### GIVEN DATA

◇ ◇ ◇

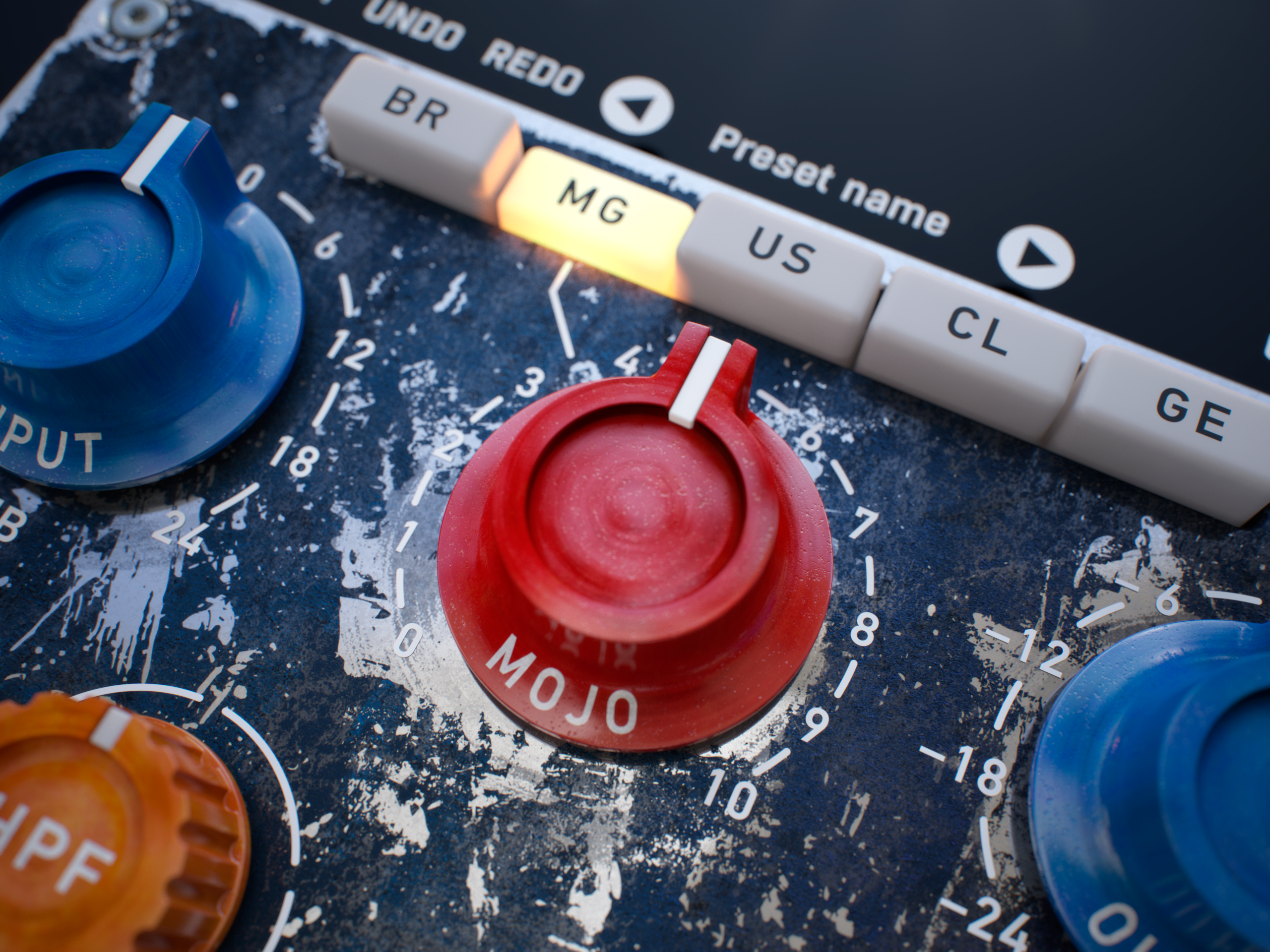 BR/MG/US/CL/GE buttons represent three types of analogue circuits you may choose from. BR represents classic fat British consoles; US stands for legendary punchy American-style input. Switching to GE will give you a velvet-sounding vintage German tube console. The newly added MG and CL buttons represent magnetic tape and clip saturation.
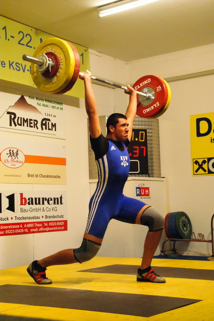 Das 1. Finale der Regionalliga West zwischen dem KSV-RUM und dem KSC Bad Häring hielt was es vor Beginn versprach. Die Zuschauer sahen eine bis zum letzten Versuch spannende Begegnung. Bereits im Reißen konnten sich die Rumer vor heimischen Publikum einen Vorsprung von 13 Punkten erkämpfen. Dieser Vorsprung wurde im Stoßen erfolgreich verteidigt und zudem noch um 2,21 Punkte ausgebaut. Unsere Mannschaft siegte mit 1 : 0 und konnte mit 1381,64 Punkten eine neue Jahresbestleistung erzielen. Der KSC Bad Häring kam auf 1366,41 Punkte. Somit erkämpften sich die Rumer einen Vorsprung von 15,23 Punkte für das 2. Finale, welches am 08. Oktober in Bad Häring statt findet. Bester Athlet auf Rumer Seiten war Thomas Hölzl der mit 120 kg im Reißen und 150 kg im Stoßen auf 295 Punkte kam. Ausgezeichnet in Form zeigte sich Martin Schneider. Er konnte mit 105 kg Reißen und 130 kg Stoßen jeweils neue Bestleistungen erzielen und trug mit 288,9 Punkten wesentlich zum Sieg bei. Markus Marksteiner erreichte mit 128 kg Reißen und 140 kg Stoßen 274,7 Punkte. Mit 6 gültigen Versuchen überraschte Hermann Uran nach seiner überstandenen Knieverletzung (vom Fußball spielen). 107 kg Reißen und 123 kg Stoßen bedeuteten 270,8 Punkte. Leider nur jeweils 1 gültigen Versuch konnte der Jugendathlet Thomas Schweninger mit 84 kg Reißen und 110 kg Stoßen in die Wertung bringen. Trotzdem steuerte er als Ersatzmann wichtige 252,2 Punkte zum Sieg bei. Bester Athlet auf Bad Häringer Seite war Markus Sammer der mit 120 kg Reißen und 137 kg Stoßen auf 300 Punkte kam. Spannung für das 2. Finale ist also garantiert, da beide Mannschaften gleich stark einzuschätzen sind und über den Sieg in der Regionalliga nur die Tagesverfassung entscheiden wird. | |||||||||||||||||||||||||||||||||||||||||||||||||||||||||||||||||||||||||||||||||||||||||||||||||||
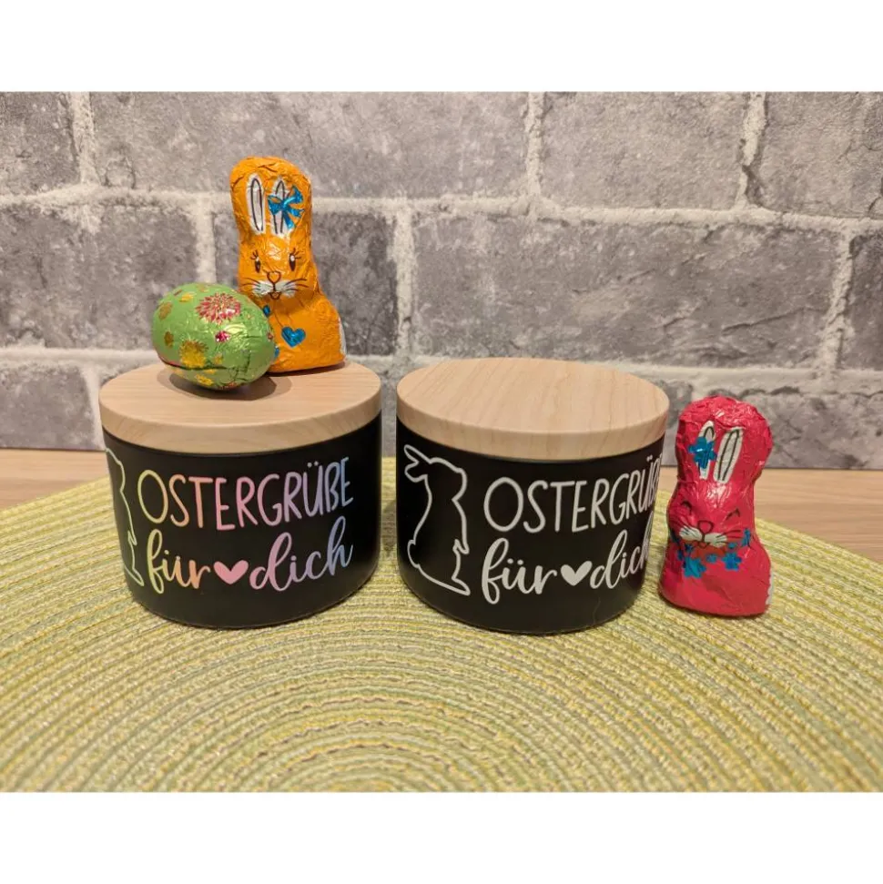 Die Dose ist mit verschiedenen Ostergrüßen und niedlichen Hasenmotiven gestaltet und in weiß oder regenbogenfarben erhältlich – ideal für eine fröhliche Osterüberraschung.

◇ ◇ ◇

### EXERCISE PROMPT
Without including any picture, set down every line above exactly as it stands.

### SOLUTION FOR THIS EXERCISE
 BR/MG/US/CL/GE buttons represent three types of analogue circuits you may choose from. BR represents classic fat British consoles; US stands for legendary punchy American-style input. Switching to GE will give you a velvet-sounding vintage German tube console. The newly added MG and CL buttons represent magnetic tape and clip saturation.
 Das 1. Finale der Regionalliga West zwischen dem KSV-RUM und dem KSC Bad Häring hielt was es vor Beginn versprach. Die Zuschauer sahen eine bis zum letzten Versuch spannende Begegnung. Bereits im Reißen konnten sich die Rumer vor heimischen Publikum einen Vorsprung von 13 Punkten erkämpfen. Dieser Vorsprung wurde im Stoßen erfolgreich verteidigt und zudem noch um 2,21 Punkte ausgebaut. Unsere Mannschaft siegte mit 1 : 0 und konnte mit 1381,64 Punkten eine neue Jahresbestleistung erzielen. Der KSC Bad Häring kam auf 1366,41 Punkte. Somit erkämpften sich die Rumer einen Vorsprung von 15,23 Punkte für das 2. Finale, welches am 08. Oktober in Bad Häring statt findet. Bester Athlet auf Rumer Seiten war Thomas Hölzl der mit 120 kg im Reißen und 150 kg im Stoßen auf 295 Punkte kam. Ausgezeichnet in Form zeigte sich Martin Schneider. Er konnte mit 105 kg Reißen und 130 kg Stoßen jeweils neue Bestleistungen erzielen und trug mit 288,9 Punkten wesentlich zum Sieg bei. Markus Marksteiner erreichte mit 128 kg Reißen und 140 kg Stoßen 274,7 Punkte. Mit 6 gültigen Versuchen überraschte Hermann Uran nach seiner überstandenen Knieverletzung (vom Fußball spielen). 107 kg Reißen und 123 kg Stoßen bedeuteten 270,8 Punkte. Leider nur jeweils 1 gültigen Versuch konnte der Jugendathlet Thomas Schweninger mit 84 kg Reißen und 110 kg Stoßen in die Wertung bringen. Trotzdem steuerte er als Ersatzmann wichtige 252,2 Punkte zum Sieg bei. Bester Athlet auf Bad Häringer Seite war Markus Sammer der mit 120 kg Reißen und 137 kg Stoßen auf 300 Punkte kam. Spannung für das 2. Finale ist also garantiert, da beide Mannschaften gleich stark einzuschätzen sind und über den Sieg in der Regionalliga nur die Tagesverfassung entscheiden wird. | |||||||||||||||||||||||||||||||||||||||||||||||||||||||||||||||||||||||||||||||||||||||||||||||||||
 Die Dose ist mit verschiedenen Ostergrüßen und niedlichen Hasenmotiven gestaltet und in weiß oder regenbogenfarben erhältlich – ideal für eine fröhliche Osterüberraschung.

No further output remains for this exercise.